Patient gao, 28 years old, mental retardation, hair yellow, skin white, body fluid, urine has pungent smell, naked eye hematuria, wash meat water sample, accompanied by a little foam urine, not accompanied by frequency, urgency, urine pain, urinary line interruption, micturition difficulty. The clinical diagnosis is suspected to be phenylketonuria (PKU).His wife, with a normal phenotype, had been married for two years and was desperate to have a healthy baby.

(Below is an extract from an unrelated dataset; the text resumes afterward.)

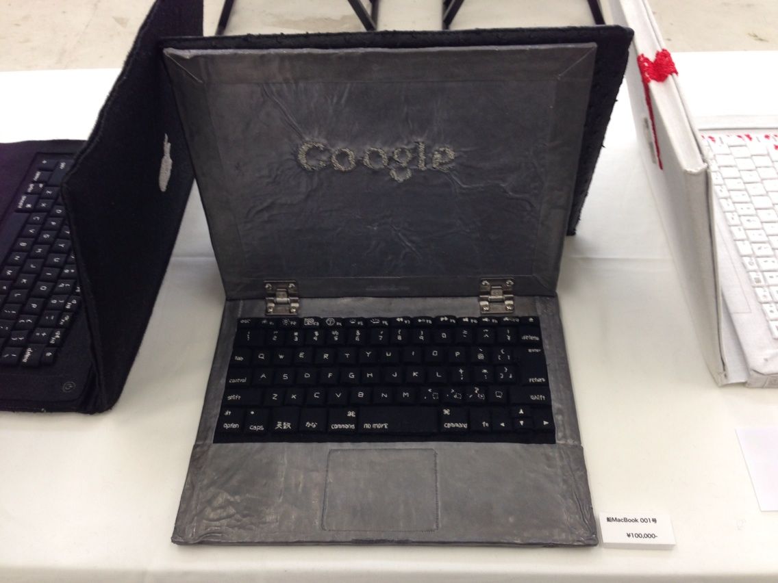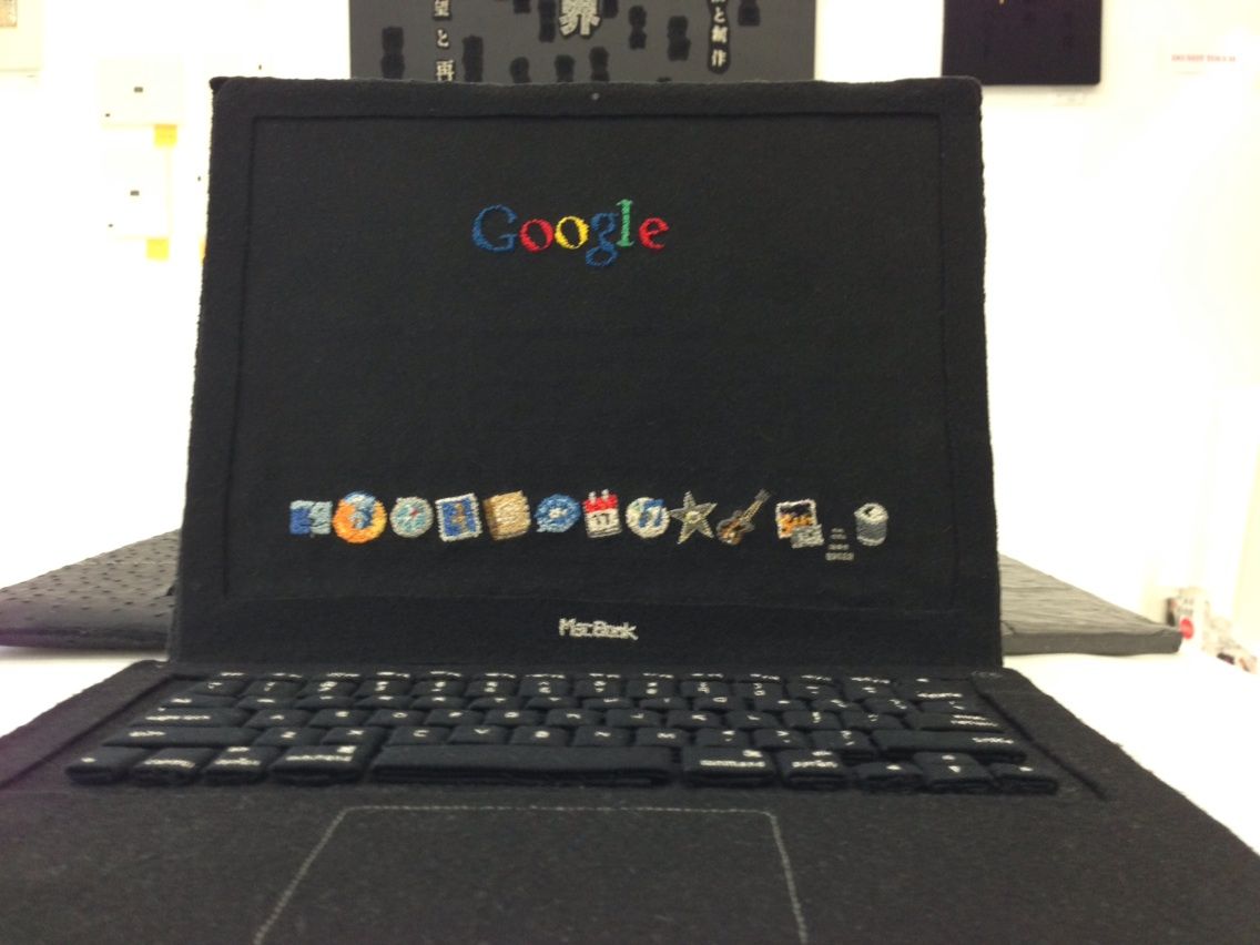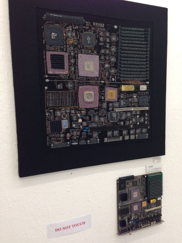 MacBook・iPodがモチーフの刺繍作品や、Appleのロゴがモチーフの文字刺繍、また基盤そのものなどが展示されています。

Since phenylketouria is an autosomal recessive genetic disease, the doctor advised the patient to find the cause by genetic and metabolic disease gene test, the results showed that the patient carried PAH gene p. The disease associated with this gene in OMIM database is phenylketonuria, and its clinical manifestations are microcephaly, mental retardation, obsessive-compulsive disorder, depression, anxiety, hyperphenylalanine, phenylpyruvemia, etc. The above two mutations were proved to be compound heterozygous ones. Since the patient wants to have a healthy baby, it is recommended that his wife also undergo genetic testing to assess the couple's risk of having children with the disease. Results the wife showed no PAH gene mutation. After adequate communication and genetic counseling, the couple decided to conceive naturally and make timely prenatal diagnosis to ensure a healthy baby.